学术文献库

Understanding the dynamic processes of the glassy system continues to be challenging. Recent advances have shown the power of graph neural networks (GNNs) for determining the correlation between structure and dynamics in the glassy system. These methods treat the glassy system as a topological graph. However, the inherent "smoothness" property of the dynamics on the graph (variation of dynamics over the graph) is ignored, resulting in a deteriorated performance of GNN for dynamic predictions over various time scales. In this paper, we first present an experimental investigation assessing the smoothness patterns of particle dynamics from the graph perspective.
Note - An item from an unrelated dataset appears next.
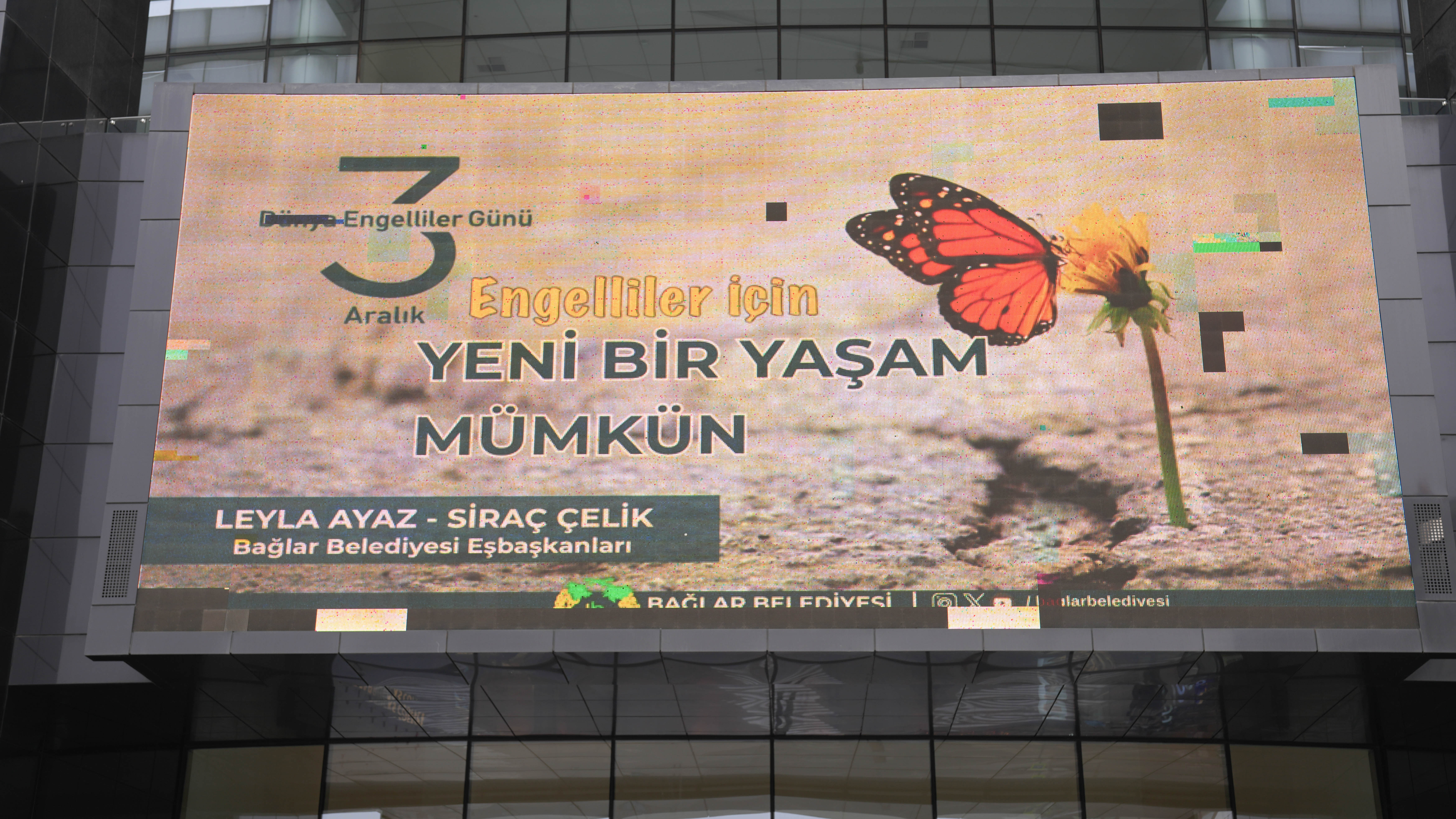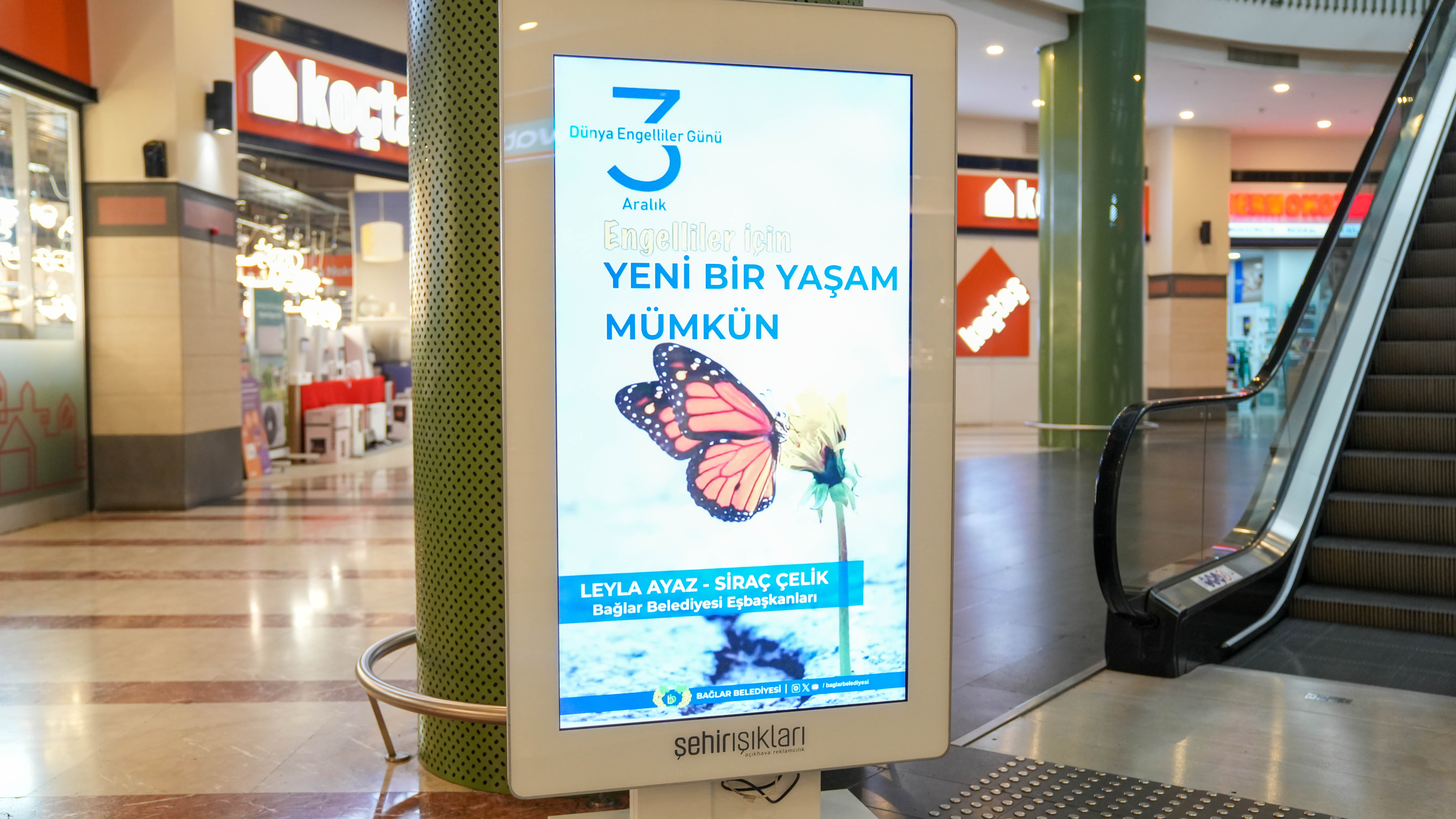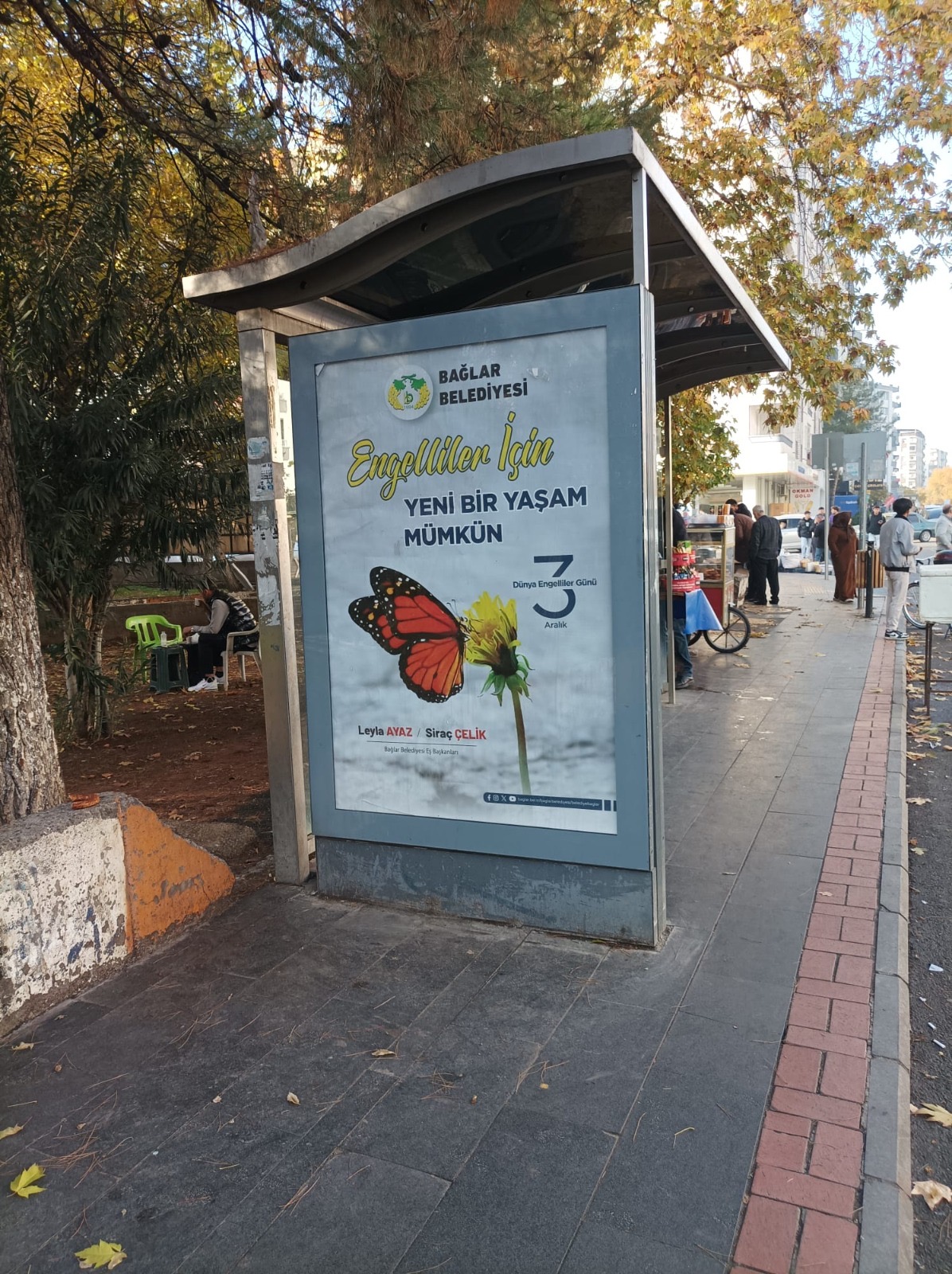 Bağlar Belediyesi Engelli ve Yaşlı Hizmetleri Müdürlüğü, “Engelliler İçin Yeni Bir Yaşam Mümkün” sloganıyla farkındalık çalışmalarına devam ediyor. 3 Aralık Dünya Engelliler Günü çalışmaları kapsamında AVM’lerde ve duraklarda afiş, bilboard çalışması yaptı.

The results indicate that the long-time dynamics exhibit a smoother property on the graph, while the short-time dynamics reveal a distinctly non-smooth pattern. To establish the relationship between the static structure and dynamics with different smoothness patterns, we propose a novel geometry-enhanced graph neural network (Geo-GNN) model. The Geo-GNN architecture consists of a geometry feature encoder that incorporates rotation-invariant distances and angles to enhance geometric feature learning and a geometry-enhanced aggregation block that can adaptively learn the underlying smoothness patterns during message passing. Experimental results demonstrate that our method is able to capture the inherent smoothness pattern of particles and outperforms state-of-the-art baselines in predicting the dynamics across all time scales. A subsequent study has revealed that geometric features are critical for the model to accurately capture smoothness patterns in dynamics. Our research not only refines the method for predicting glassy dynamics but also provides a new lens through which to investigate the issue of causality regarding dynamical heterogeneity in glasses.